Then let me take the i7 out of the equation for you, a i7 like a 6700k is a quad core processor and sells for $300-$400 retail, using this CPU the best you could hope to do is to pass through 3 cores and 12 threads to the KVM, while that might seem ok to you your talking about running some version of Windows and then programs on top of that or games and would probably realize the performance of a celeron CPU for your Windows experience, realistically you would only want to pass through 2 of the cores and 8 of the threads to the KVM and guess where that would land you performance-wise?

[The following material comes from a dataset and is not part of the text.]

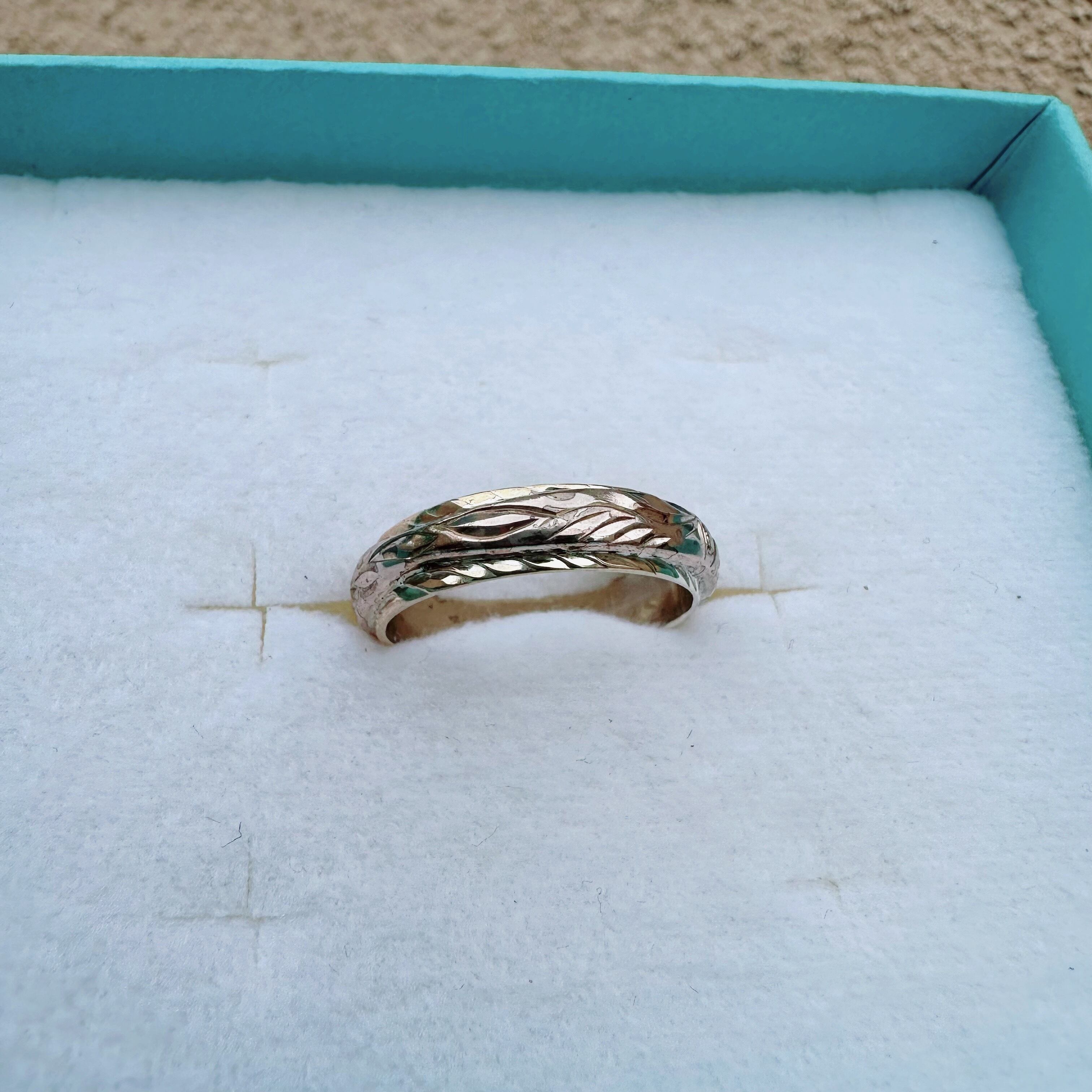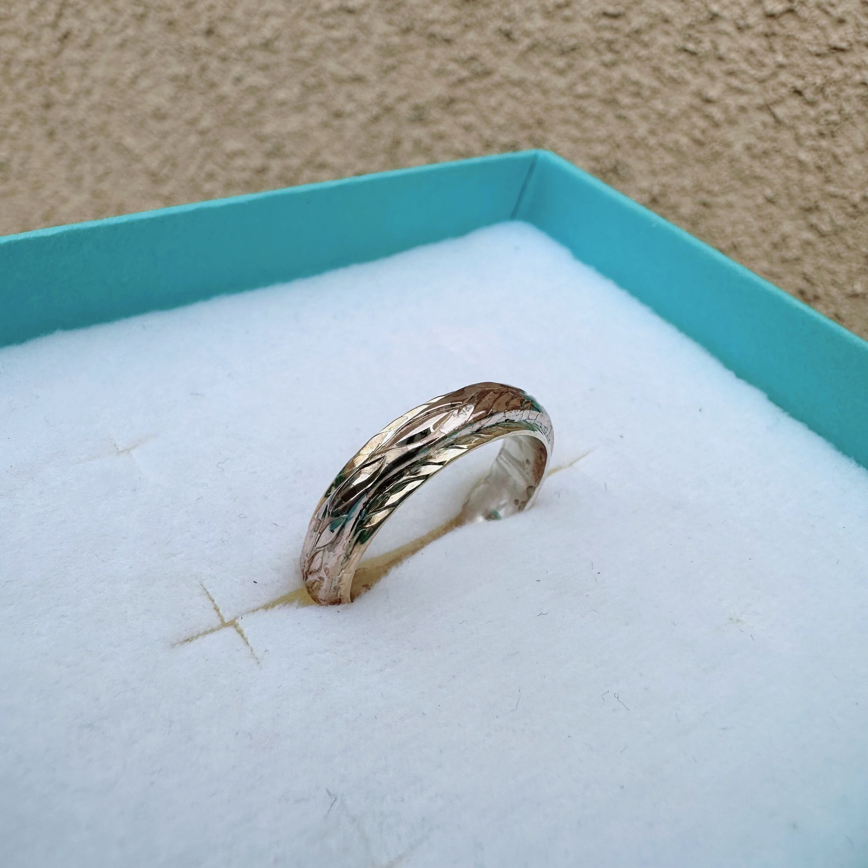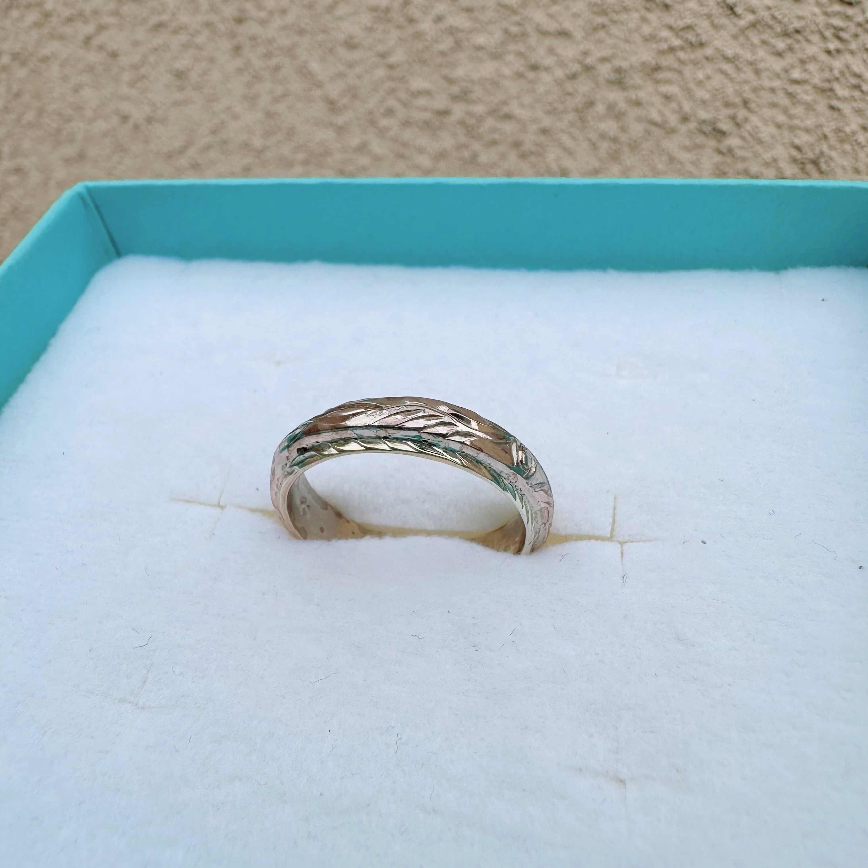 贅沢なシルバー925とピンクシルバーの手彫りのリングです。

So say you go for the big guns and buy a i7 6900k now you are in the $1000 price range just for the CPU, yeah you get a 8 core /16 thread CPU but your paying a huge premium over the Xeon at a lower clock speed, you really want at the minimum a 6 core CPU so you can leave 2 cores for the host system while passing 4 cores to the KVM, what your trying to do here is duplicate the hardware you would run Windows on and in the example here it would be a low end quad core CPU.

It's this paradox that sent me over to AMD and buying a 8370, without going through all the Intel vs AMD on how they process instructions at the CPU level and how Intel is more efficient (it is) or how AMD doesn't have the same kind of threads (it doesn't) I found the AMD offerings better suited for what I wanted to do at the price point I was willing to invest..

My point is if you consider buying a octo-core i7 you have far surpassed the cost of a server mother board and 2 Xeons E5's just in the cost of the CPU alone......it's not how you want to invest your money, and if you want to be successful at this type of thing you need a octo-core CPU which the Xeon is, forget clock speed it matters very little in this application, this is all about numbers of cores/threads and how much memory you can throw at it, it's just that simple.

Hope this helps.

I disagree, this is a home server. Everyone recommends the old ass 2011 hardware for home use but never really thinks about the consequences of doing so. First thing first, the power, noise, heat, etc to run this older hardware is something to consider in a home environment. Sure you can throw it in your basement but you still have a ton of power usage = money.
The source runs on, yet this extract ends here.